Shiller - A primeira é que as pandemias são reais e devemos começar a nos preparar para a próxima pandemia. Quando as pessoas começarem a viajar novamente, os viajantes vão espalhar a pandemia pelo mundo.

E a outra lição é que precisamos de bons governos. Precisamos de governos que preparem e respondam a tempo.

O papel de qualquer presidente ou primeiro-ministro é enfrentar problemas. Talvez as pessoas tenham aprendido essa lição. Precisamos de alguém que seja um verdadeiro administrador no comando.

BBC News Mundo - Além da pandemia, existem outras narrativas que o preocupam?

Shiller - Existem outros problemas que foram de alguma forma encobertos pela atenção gigantesca que prestamos à pandemia.

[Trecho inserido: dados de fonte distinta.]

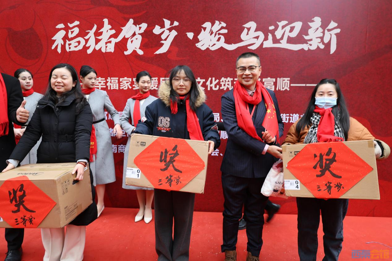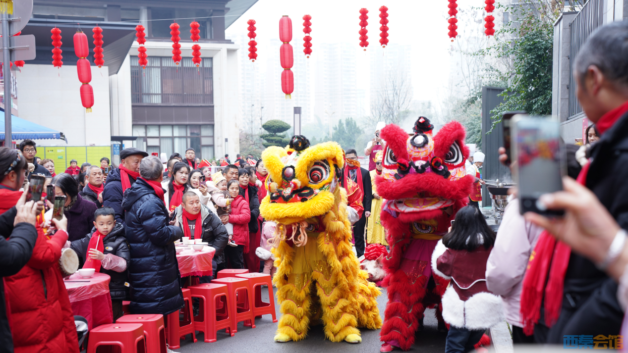 席间,舞狮、川剧变脸、腰鼓舞、歌曲演唱等精彩节目轮番上演,现场气氛热烈。穿插其中的多轮抽奖环节更是将气氛推向高潮,洗衣机、冰箱、电视机等实用礼品及本地企业赞助的香辣酱、猪肉等特殊奖,让业主在享受团圆宴的同时惊喜连连。
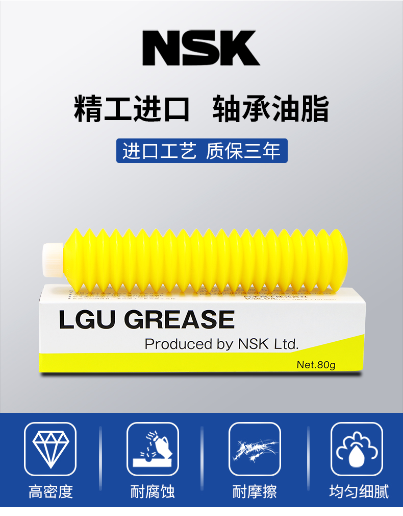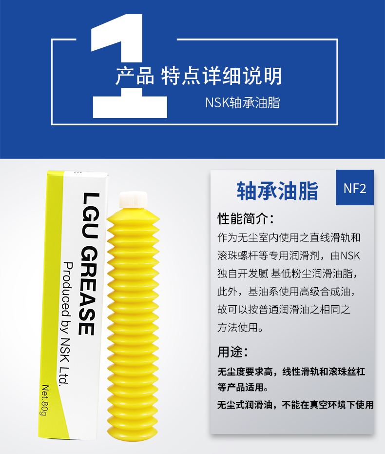 特 性:NSK LGU作為無(wú)塵室使用之直線滑軌和滾珠螺桿等潤(rùn)滑劑,NSK LGU潤(rùn)滑脂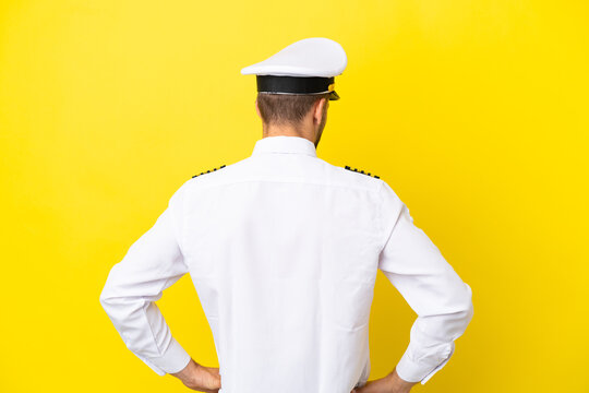 Back view on passenger aircraft standing near airport terminal loading passengers and preparing to fly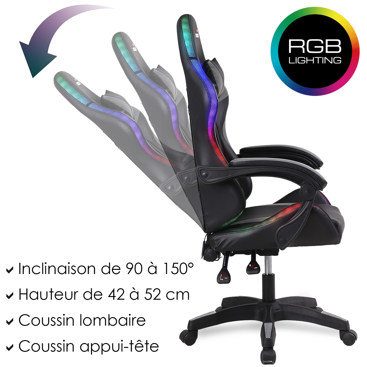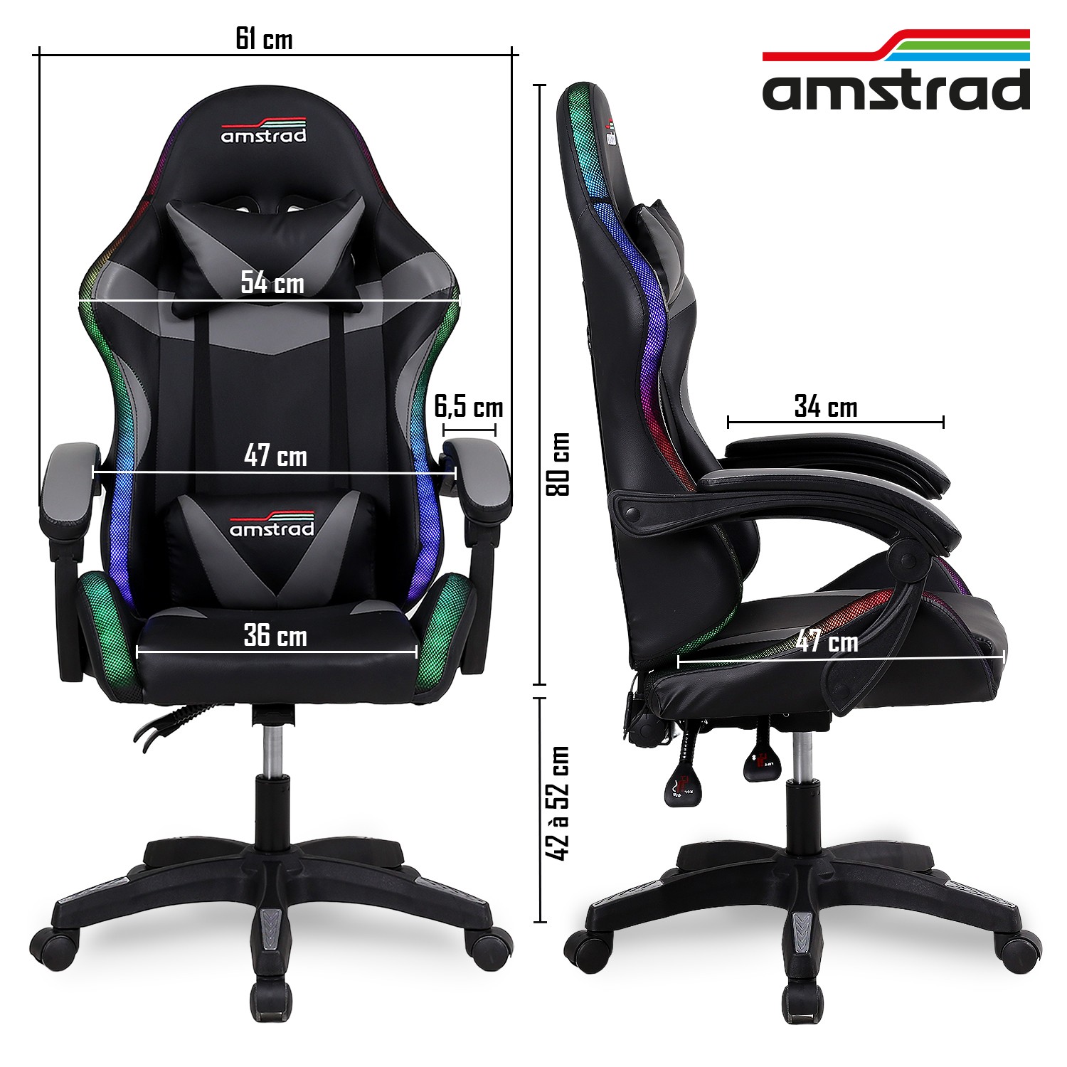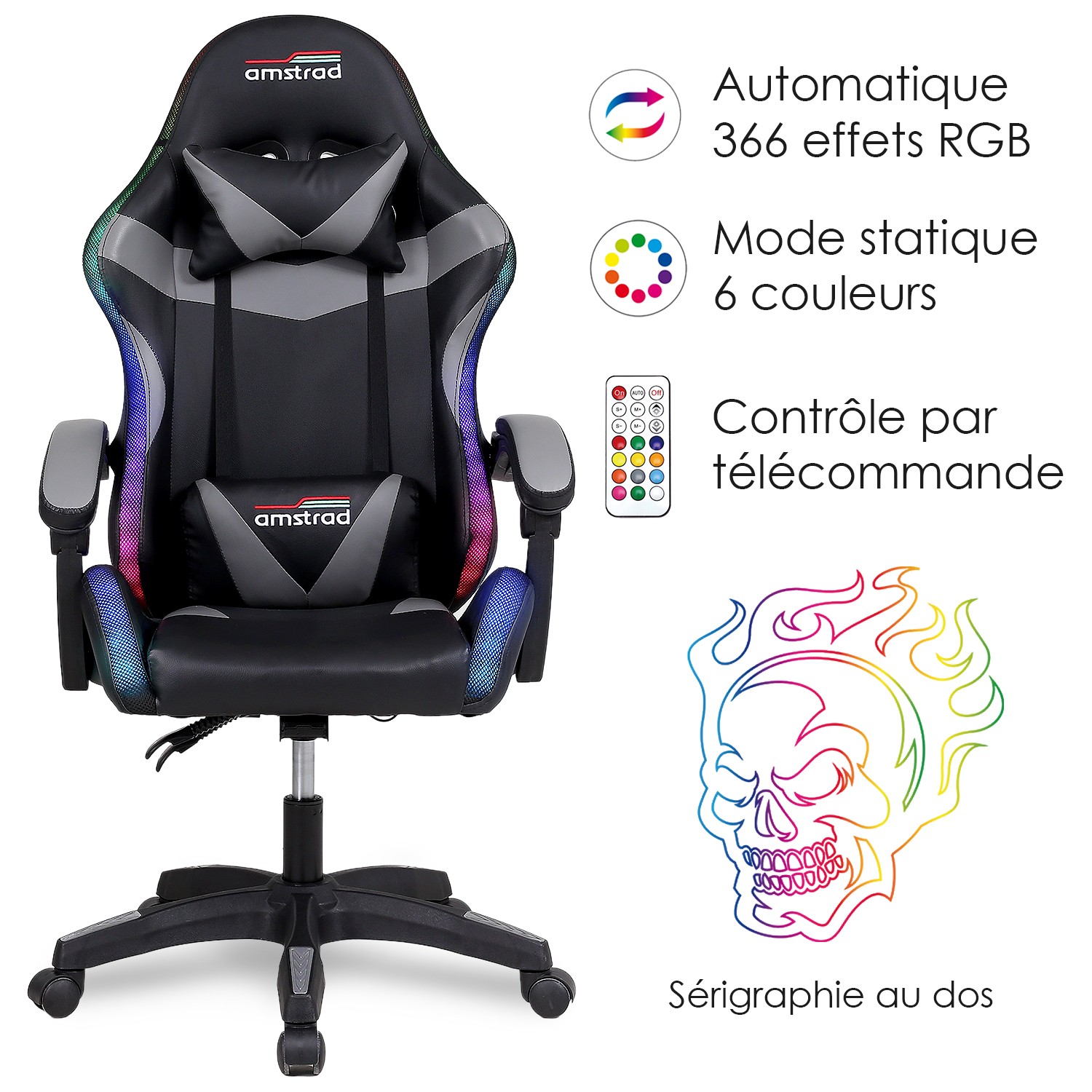 | Libellé | Amstrad AMS-900-LED-SKULL - Fauteuil gaming noir et gris - Serigraphie "Tête de mort" - Eclairage LED 366 effets - Télécommande |

Há outra narrativa preocupante, que é a de robôs substituindo empregos humanos. A narrativa da inteligência artificial e a ideia de que poderia ser uma boa parte do aumento da desigualdade. Não é a única causa que pode ser estabelecida posteriormente.

Nossas vidas parecem ser dominadas pela tecnologia de tal maneira que não mais deixamos nossas casas. Conversamos através das redes sociais e as redes sociais estão se tornando uma realidade virtual com vínculos mais fortes.